I'm just lonely, Gumdrop It's after six and the only thing I am sincerely amazed by today is that it's the first time anybody has called me out on my motives in a conversation. In fact I thanked him for it. I have always rationalized that nobody wants to hear why I'm asking something or saying something, yet in reality it must be frustrating to have a question come out of nowhere with no explanation other than pure curiosity. I did have a reason and follow up questions and an ulterior motive as I put it; instead I froze and lied about just being curious I'm not entirely sure why I did. My best guess is that I'm either scared of what response I would get or that I'm just intimidated for personal reasons. Unfortunately I have yet to figure out which it is. I don't know why I just can't be open with people, I never give them a chance to respond to what I'm thinking because I never share. I decide what I want to ask or say or talk about and then chicken out and generally just give some crappy excuse. How am I supposed to be a person worth the time when I don't give others the time? I need to commit to opening my self up and trusting I won't be torn in two by what others think and say. What's the worst that could happen anyway? There's no guarantee people will stick around, and that is what I'm most afraid of. The worst thing that could happen is everybody could decide I'm not worth the time; can I truly blame them if I don't even think I am?
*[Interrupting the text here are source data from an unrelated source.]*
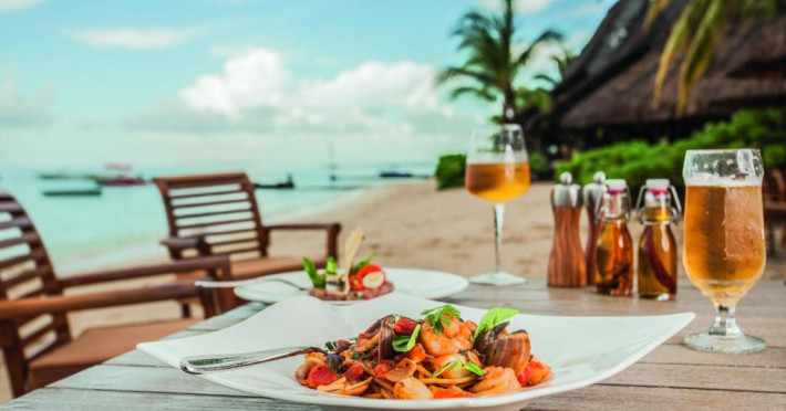 Restaurantul tip bufet Le Brabant serveste preparate din bucătăria internatională, iar restaurantul La Palma oferă specialităti italienesti. Restaurantul Blue Marlin este specializat in fructe de mare, iar La Ravanne oferă preparate creole inedite. De asemenea, oaspeții au acces la cele 4 restaurante și la facilitățile de la Dinarobin Beachcomber Golf Resort & Spa, aflat la doar 5 minute de mers pe jos.
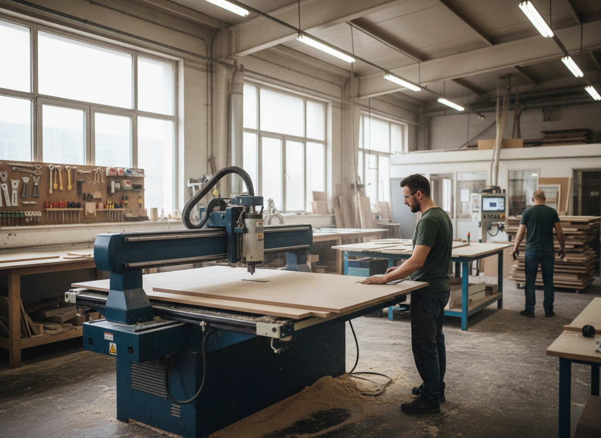 Đơn vị thi công uy tín luôn có xưởng sản xuất riêng, được trang bị máy móc hiện đại như máy CNC, máy dán cạnh tự động, máy ép laminate, máy cắt panel, máy khoan liên kết, giúp đảm bảo độ chính xác từng chi tiết và đồng nhất chất lượng của toàn bộ sản phẩm; trước khi xuất xưởng, tất cả sản phẩm đều được kiểm tra kỹ lưỡng về độ phẳng, độ bo cạnh, màu sắc, độ dày, mức hoàn thiện và khả năng lắp ráp.
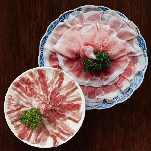 黒豚のうまみを存分に味わえる 人気No.1部位のバラ肉と、栄養価の高いウデ肉、脂肪分が少なくさっぱりとしたモモ肉をしゃぶしゃぶ用にスライスしてセット商品にしました。- バラエティーセット 彩 (いろどり) [ウデしゃぶ モモしゃぶ バラしゃぶ]800g
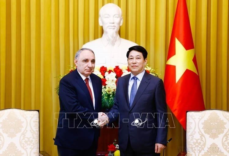 Chủ tịch nước Lương Cường tiếp ông Kamran Bayram Aliyev, Viện trưởng Viện Kiểm sát Tối cao Azerbaijan thăm và làm việc tại Việt Nam, chiều 24/3/2025. Ảnh: Lâm Khánh – TTXVN
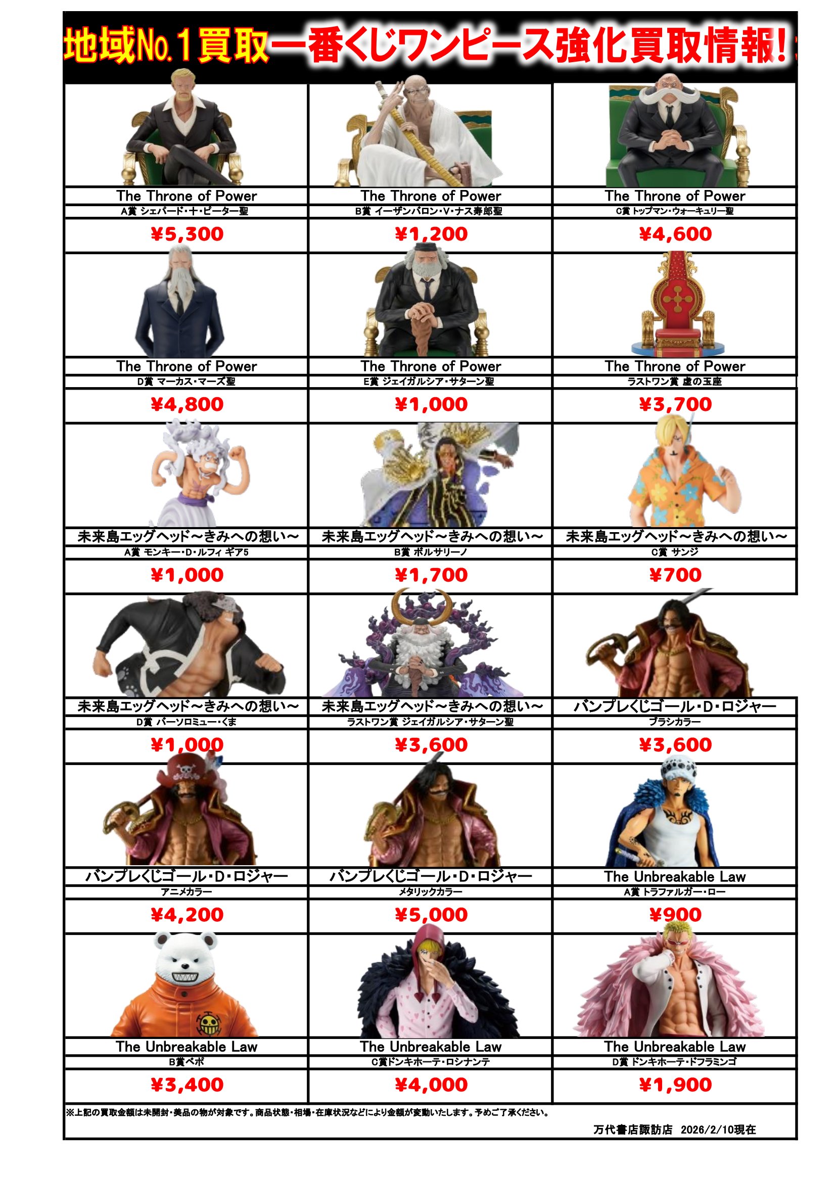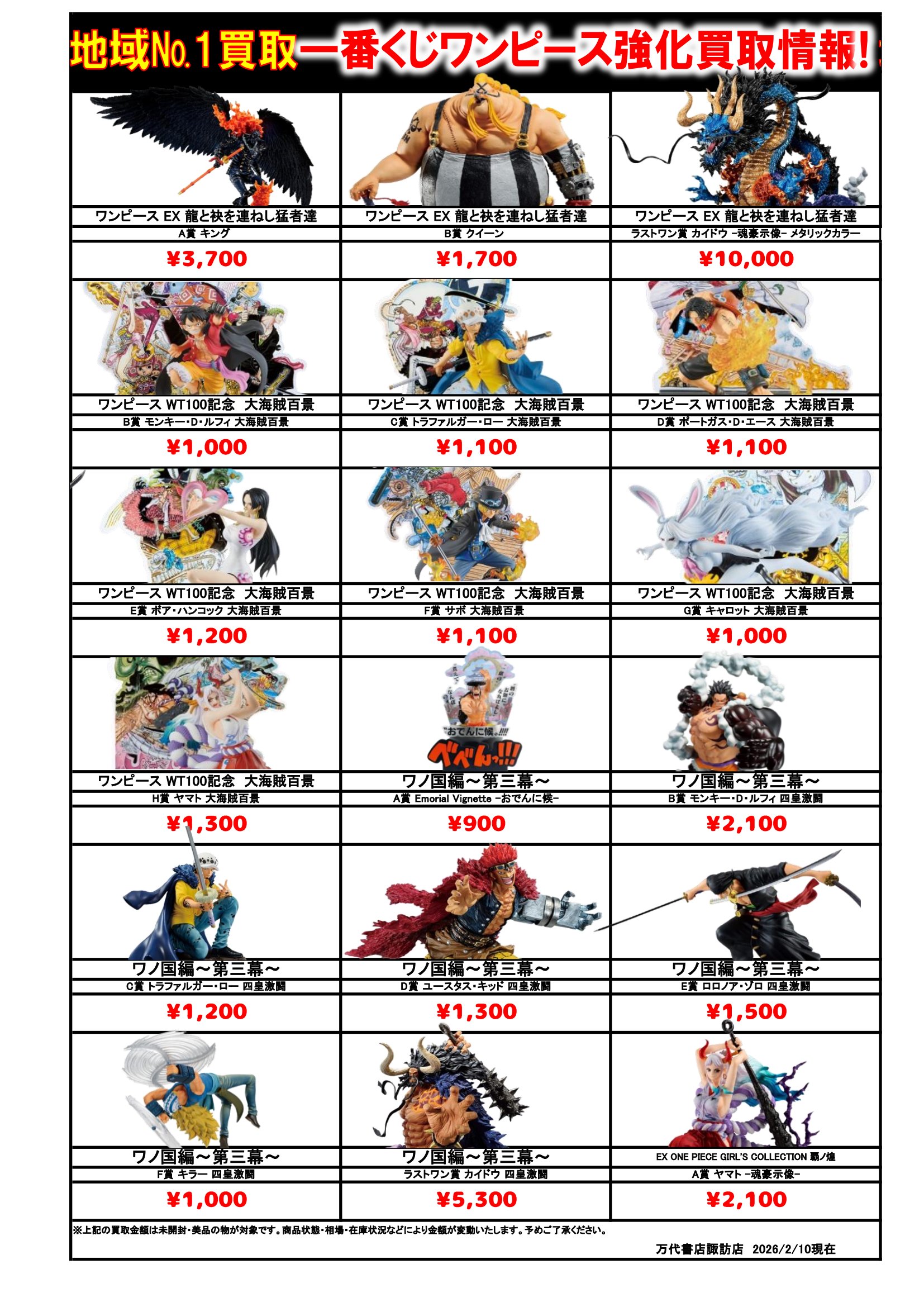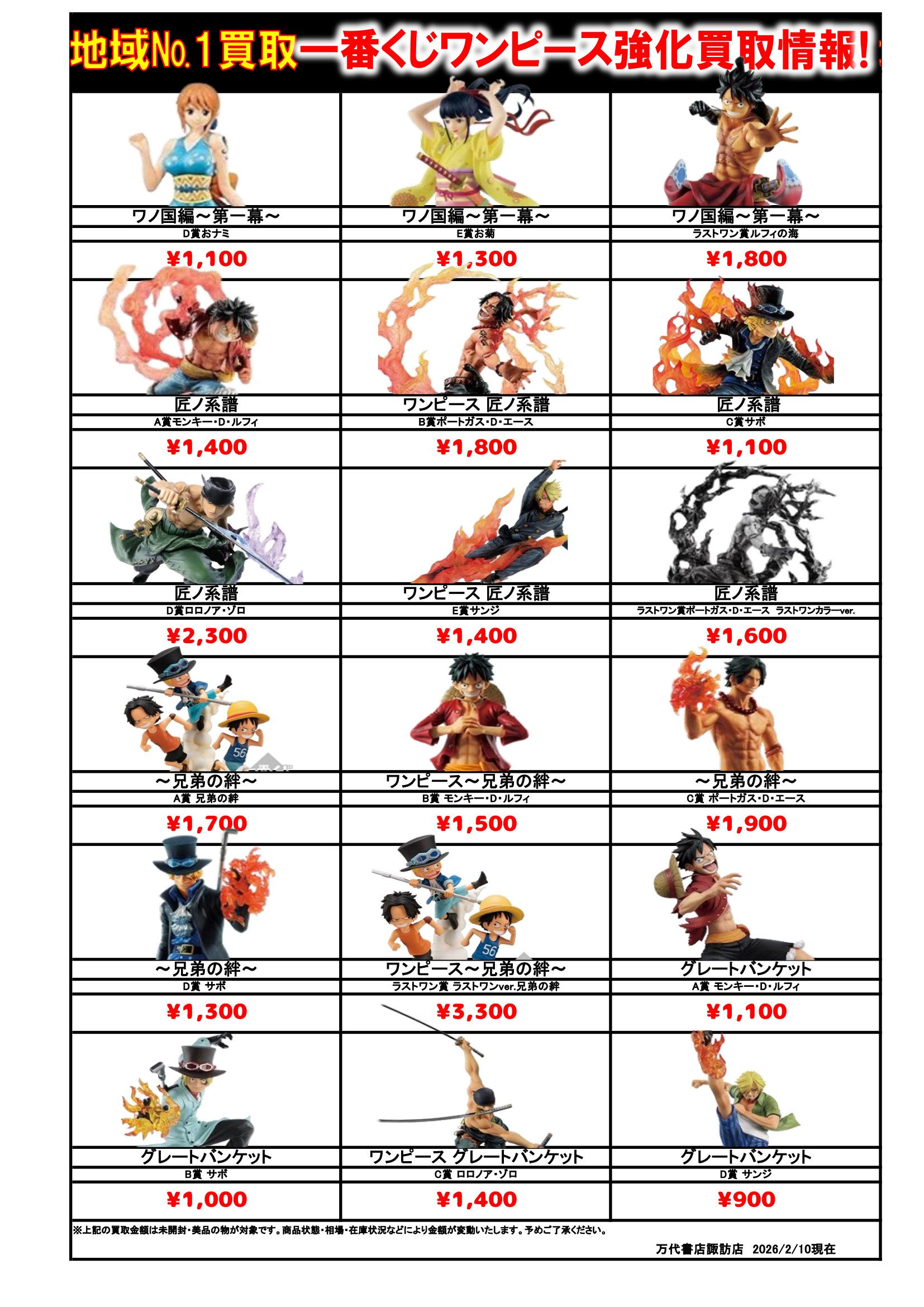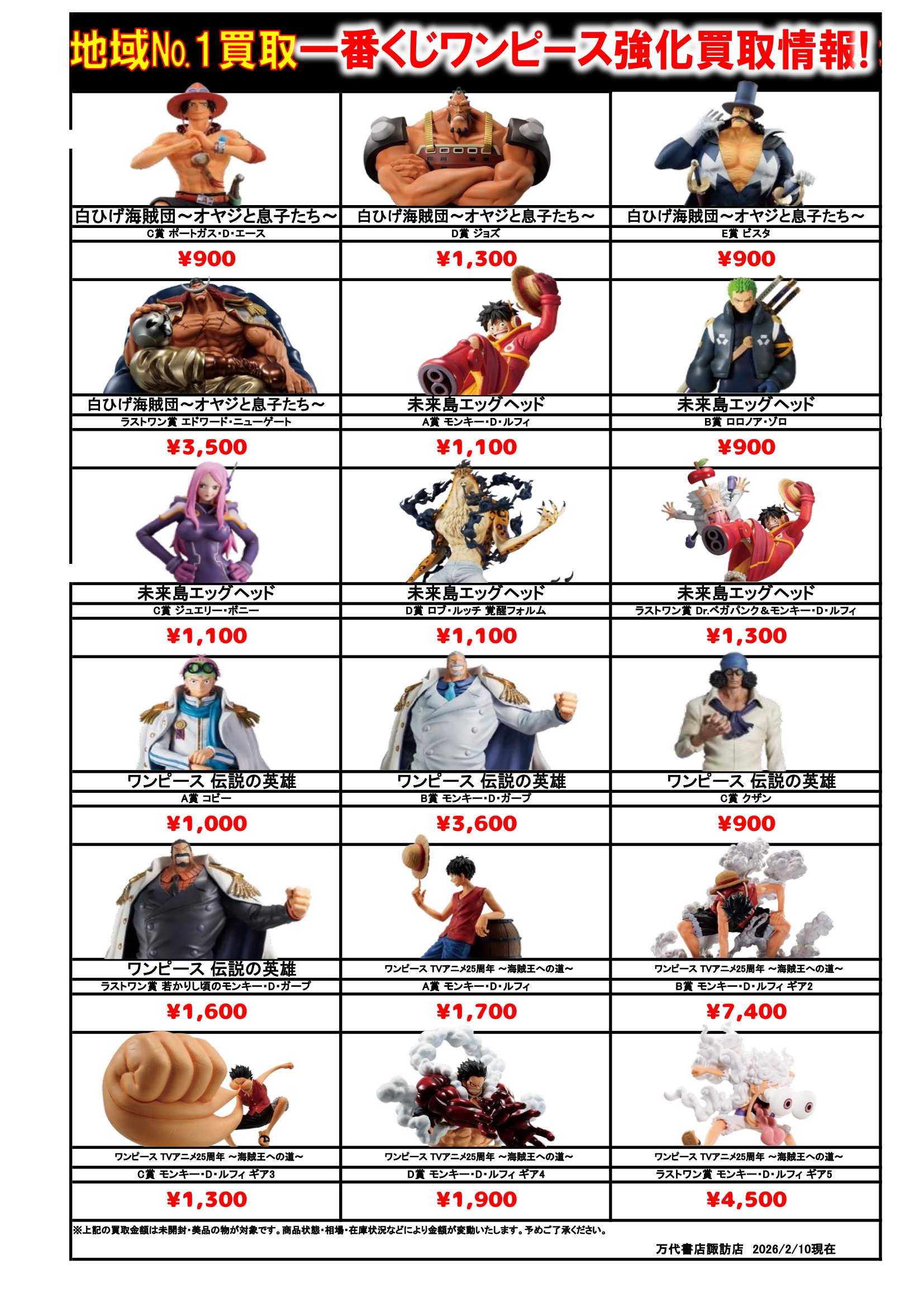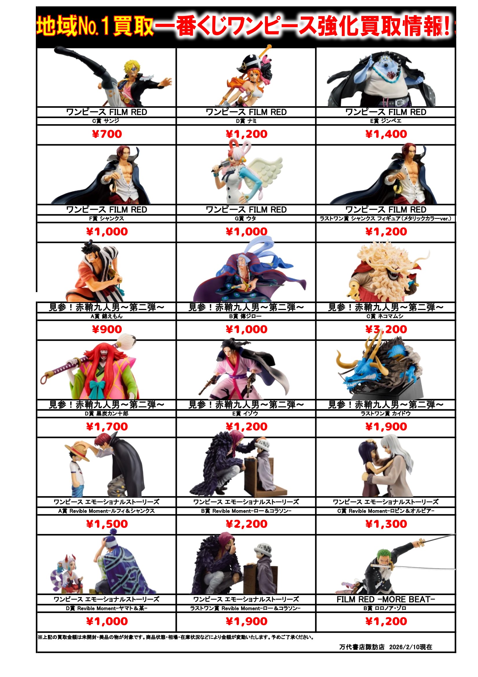 ドラゴンボール・ワンピース フィギュア WEBチラシ 2026/2/10 更新 フィギュアはこちら プライズフィギュアはこちら 美少女フィギュアはこちら チラシの掲載金額は店頭買取時での参考価格となります。 【ワンピース】 【ドラゴンボール】
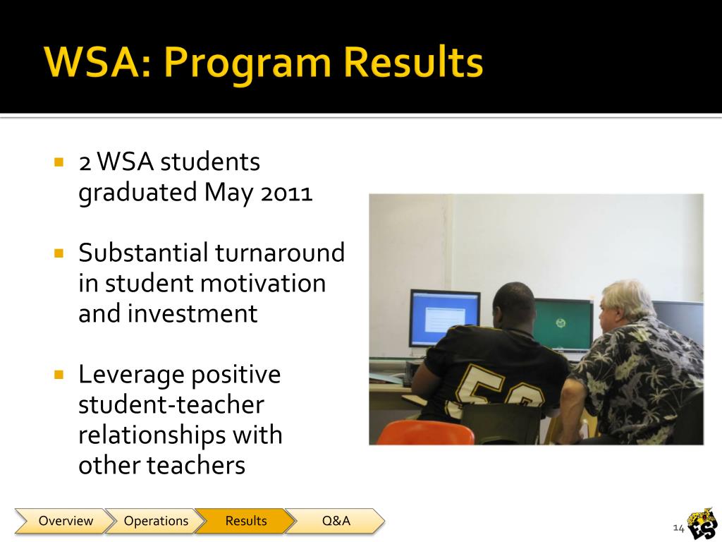 WSA: Program Results • 2 WSA students graduated May 2011 • Substantial turnaround in student motivation and investment • Leverage positive student-teacher relationships with other teachers
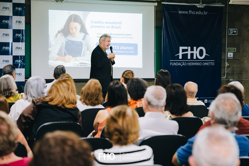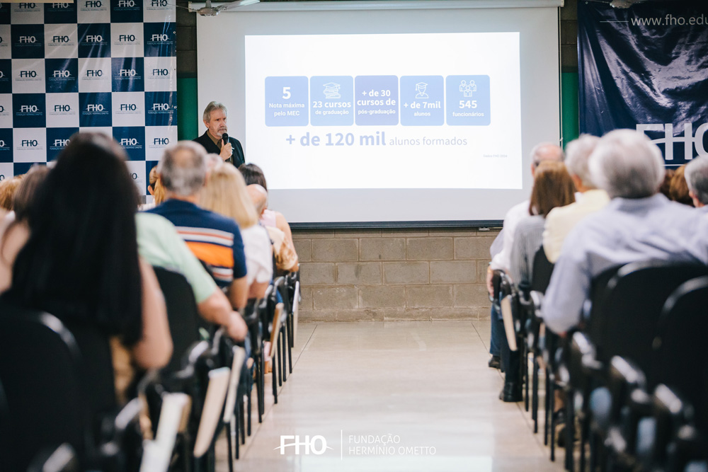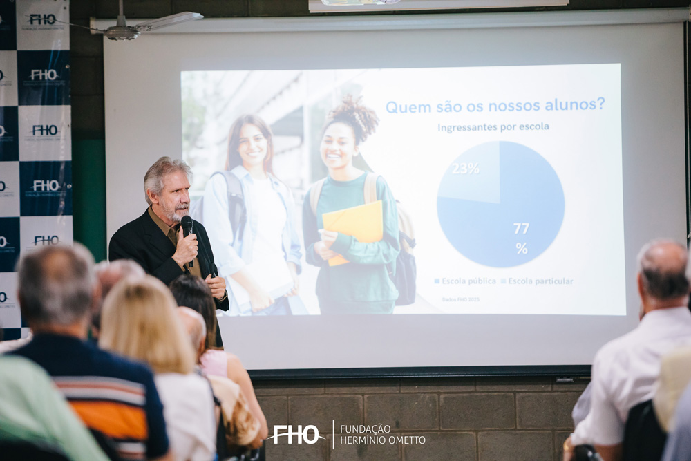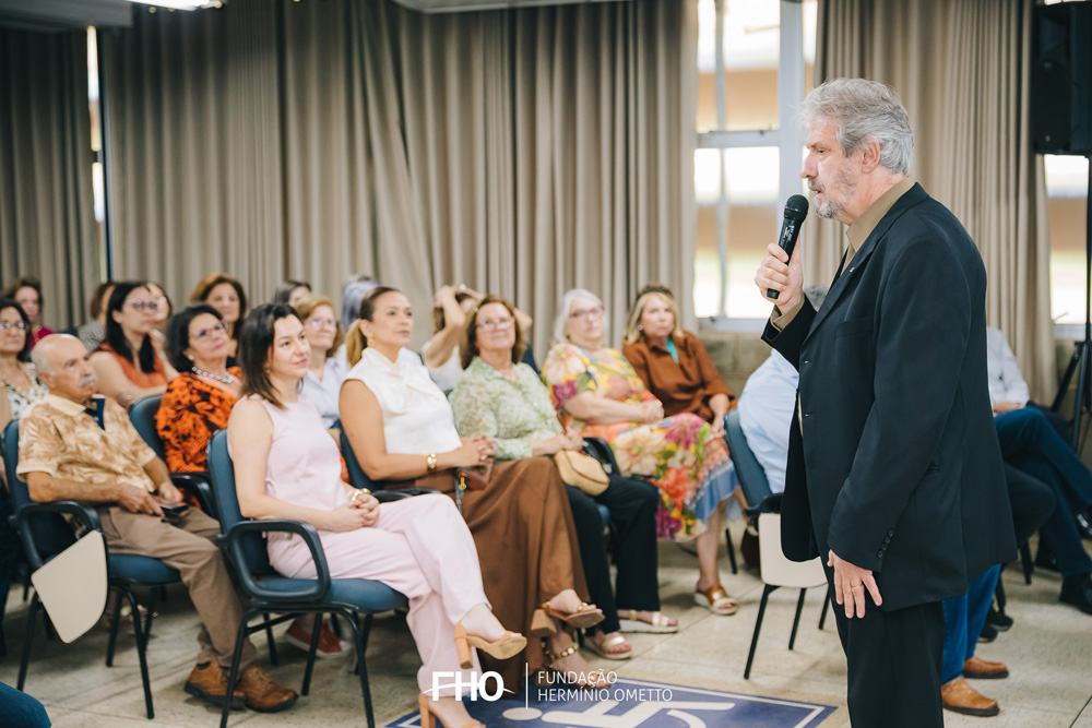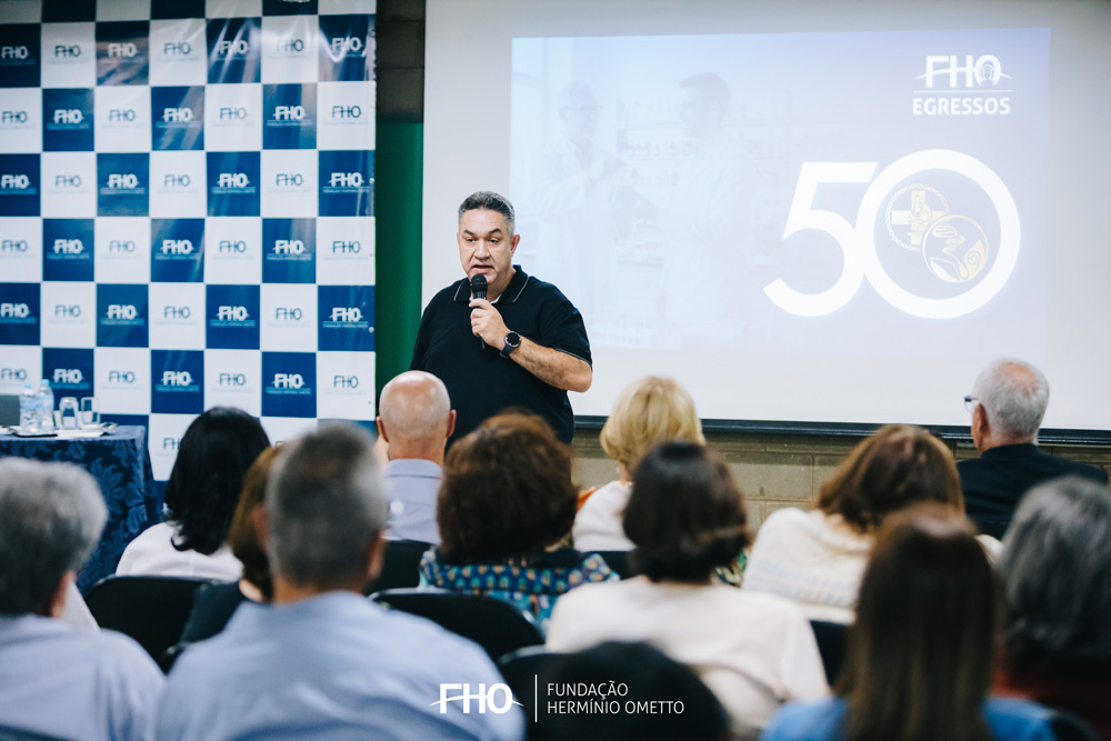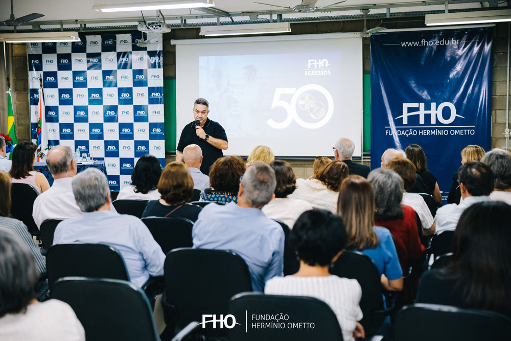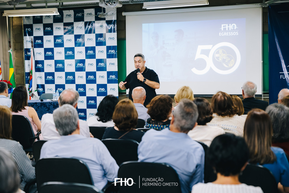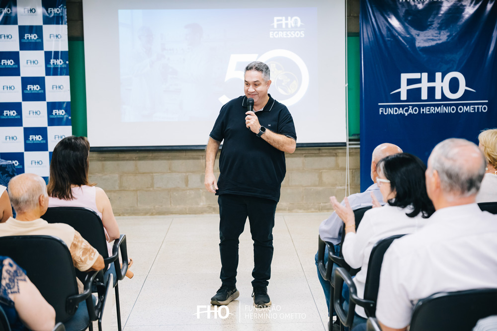 O encontro reuniu egressos, professores, coordenadores e gestores da FHO em uma manhã marcada por emoção, memórias e reconhecimento, celebrando o legado deixado pelos fundadores e o papel transformador da educação ao longo de meio século.
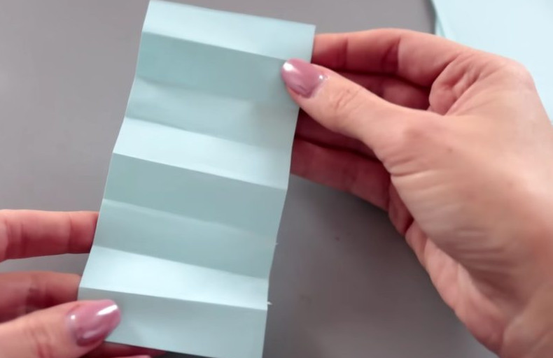 Сложите каждую полосу пополам. Каждую половину согните еще 2 раза. Аналогичные действия выполните с другой стороной. В результате прямоугольник должен быть разделен на 8 равных частей.

Always torn in two, Gumdrop I just want to sleep with someone. literally sleep. I sleep better when I'm not alone.
Today has already pushed my buttons. My brother's best friend came to me with a problem and it put me between me and an old friend. It sucks because I was really hoping to be on better terms with my friend. Days since last problematic confrontation: 0
My dream last night was crazy real and unfortunately made me realize that I still have some residual feelings for an old flame. You may be thinking that this isn't really a problem, however it seriously is for me. This guy has always been out of my league, and it didn't end well the first time. When the flame fizzled I was burned; I thought I was over him once and for all just to discover that I subconsciously want to go back for more. What the actual hell.
begging to be burned..? Gumdrop Yesterday I met up with a couple of friends from high school. It was a really good time. I remembered a lot of good things from the past. It made me really want to go back. I truly wish I could have hung out with Michael and Kari longer. Kari's boyfriend seemed really nice although he didn't say much. I'm really happy for her, I'm glad she's found somebody she's serious enough with that she wants to bring home. Before this I had seen Kari over winter break, and while I had seen Michael too it was barely in passing. So it was nice to kind of catch up with him. While I was with the two of them I realized there isn't a lot that I tell the both of them; some things are Kari specific like my emotional life because I need a girl's perspective, and some things I'd rather talk to Michael about like certain school things because I think he understands. I talk to Kari fairly regularly however I hadn't realized until last night that I seriously miss talking to Michael. I also realized that I don't have a super close friendship like the ones I see between my other friends and I envy that. I have real friends, but no real friendships. -Gumdrop Having fear, stress, and anxiety has been something I have always been ashamed of; I have tried so hard to make sure that nobody would ever know. I always thought that I should just be able to deal with it on my own and get over it, I have focused all of my energy on not letting that get out that everything else in my life has suffered. With everything else suffering, keeping all the problems and struggles became a full time job and I just fell apart. I'm trying to get everything back together; it isn't going to be easy and I'm not even sure I can come back from this, but you can be damn sure I'm going to try.
I feel as if I am in the mud, I have the rope to pull myself out and yet all I can do is sink. I sink further into the darkness and I don't know how to shed light on the situation. I know there isn't a magic switch to fix everything and do right; there isn't a blank slate to start from scratch, I can't be re-born just for the hell of it. I can't even truly admit that something is wrong. I feel as though this is all my fault and I just need to tough it out and figure it out. I need help. I need to ask for help and I can't. I'm just going to keep sinking; things are only going to get darker. I'm close to accepting this as my fate. I know this isn't something I should accept, is it?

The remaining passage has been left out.